>>>>>
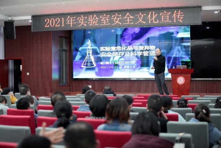 然后,杨勇董事长作了“实验室危险化学品与废弃物安全存储及科学管理”专题讲座。讲座主要包括实验室安全现状分析、典型事故案例、典型安全隐患、个人防护要求、安全废弃物管理等五个方面。此次讲座老师们对人为因素造成的安全事故感触深刻、收获满满。现场互动热烈,报告后老师们和杨总互留联系方式保持会后的进一步交流学习。
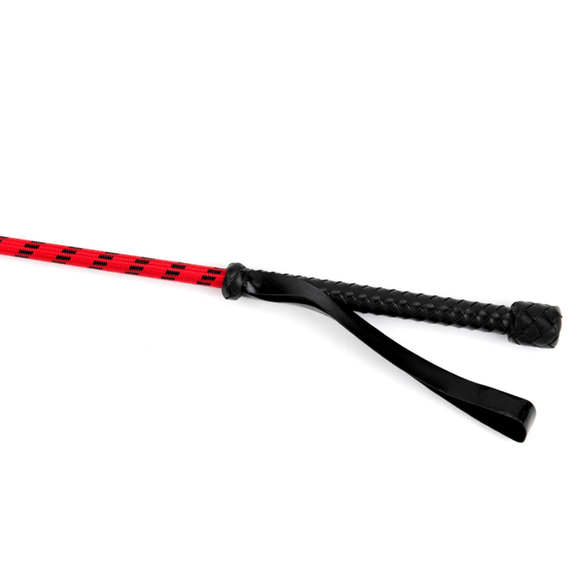 A riding crop in red leather with a black leather handle and wrist strap. The standout detail is the red and black leather heart keeper - a playful touch that sets this apart from standard crops.
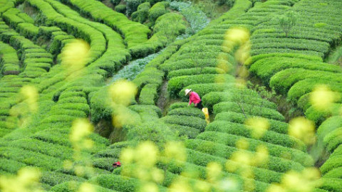 Tea farmers, enterprises busy harvesting and processing spring tea leaves across China
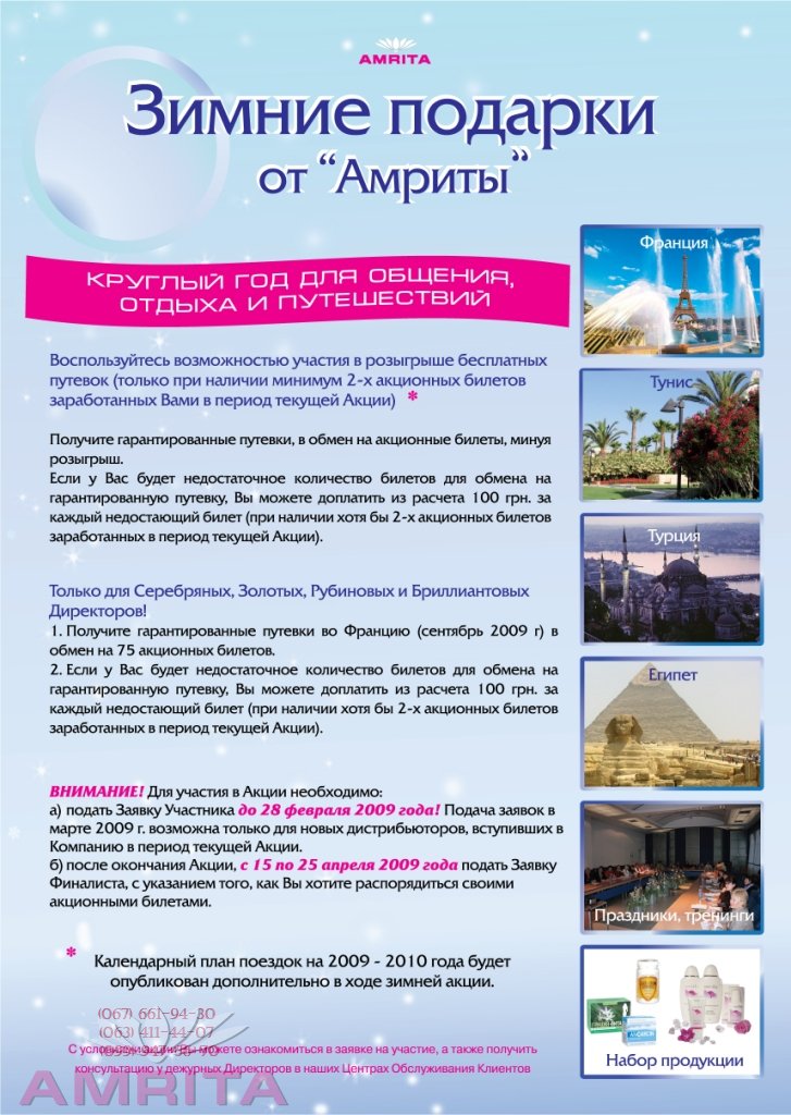Чтобы принять участие в Акции: Зимние подарки от "Амриты"- вам надо стать членом клуба компании "Амрита". Регистрационный взнос 14 грн. ВЫ получаете- Карточку члена клуба, с правом самостоятельного приобретения в 10 областных городах Украины продукцию фирмы "Амрита"-минуя интернет магазин( с фиксированной скидкой 30%).Каталог продукции, журнал, Прайс и маркетинг план. И правом участия в Акции: "Зимние подарки от "Амриты".
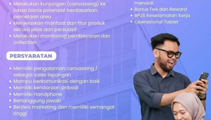 - Pengalaman: Memiliki pengalaman canvassing / sebagai sales lapangan sangat diutamakan.
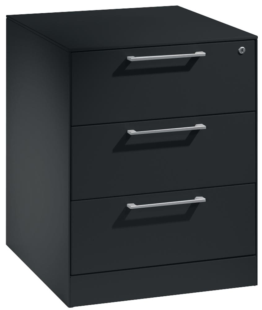 Karteischrank, BxTxH 562x600x698 mm, DIN A5, zweibahnig, 3 Schubladen, Bügelgriff, RAL 7021 schwarzgrau E852781
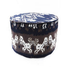 Round Ikat Pouf Ottoman, Brown. Cover Only with No Insert.
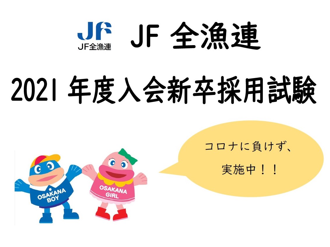 コロナに負けず、採用試験やってます!JF全漁連には、4月に初々しい新卒の新人さんたちが入ってきたばかりですが、いつのまにか、もう来年度の新卒採用試験の時期です。(採用情報はこちら) 在宅勤務ばかりで、まだ新人さんたちにも会えてないのに、2020.5.28JFレポートJF全漁連編集部
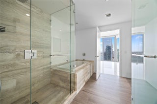 Corner Unit with Endless Views! Spacious 1BD + den, 2BA on the 40th floor with stunning views of Biscayne Bay and Miami skyline. Features private elevator and foyer, marble floors, anti-slip marble balcony, custom closets, blackout drapes in bedroom, and sheer vanilla curtains in living room. Floor-to-ceiling 10’ windows bring in natural light. High-end Miele appliances, washer/dryer, and premium finishes. Large balcony accessible from living and bedroom. Enjoy top amenities: beach club, 2 pools, man-made beach, tennis, volleyball, gym, spa, dog park, business center, and more!
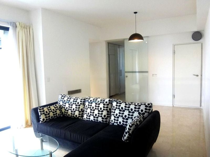 This well-maintained 2-bedroom, 2-bathroom unit features a modern galley kitchen equipped with white cabinetry, a gas hob, and an integrated oven, perfect for culinary enthusiasts. The spacious living room, adorned with pendant lighting and an L-shaped sofa, seamlessly connects to the balcony, while the bedrooms offer built-in sliding wardrobes and minimalist designs that enhance the overall aesthetic. The bathrooms boast marble-look wall tiles and contemporary finishes, ensuring a luxurious experience.
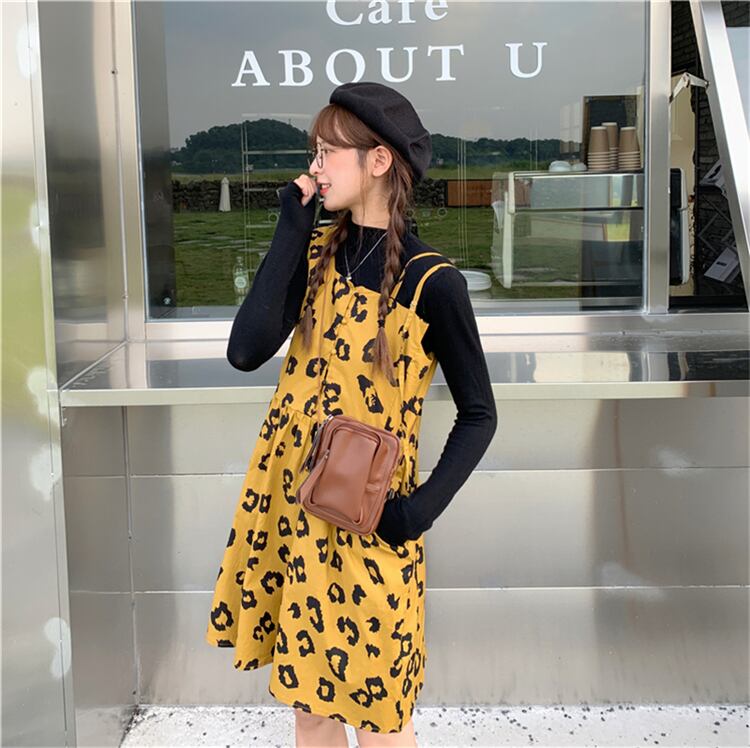 色:ヒョウ柄ワンピース,ブラックベースシャツワンピース
<<<<<
Take the material above from its first line through the line that has "A riding crop" and copy it exactly, without any pictures.

■ **Response to the exercise**
 然后,杨勇董事长作了“实验室危险化学品与废弃物安全存储及科学管理”专题讲座。讲座主要包括实验室安全现状分析、典型事故案例、典型安全隐患、个人防护要求、安全废弃物管理等五个方面。此次讲座老师们对人为因素造成的安全事故感触深刻、收获满满。现场互动热烈,报告后老师们和杨总互留联系方式保持会后的进一步交流学习。
 A riding crop in red leather with a black leather handle and wrist strap. The standout detail is the red and black leather heart keeper - a playful touch that sets this apart from standard crops.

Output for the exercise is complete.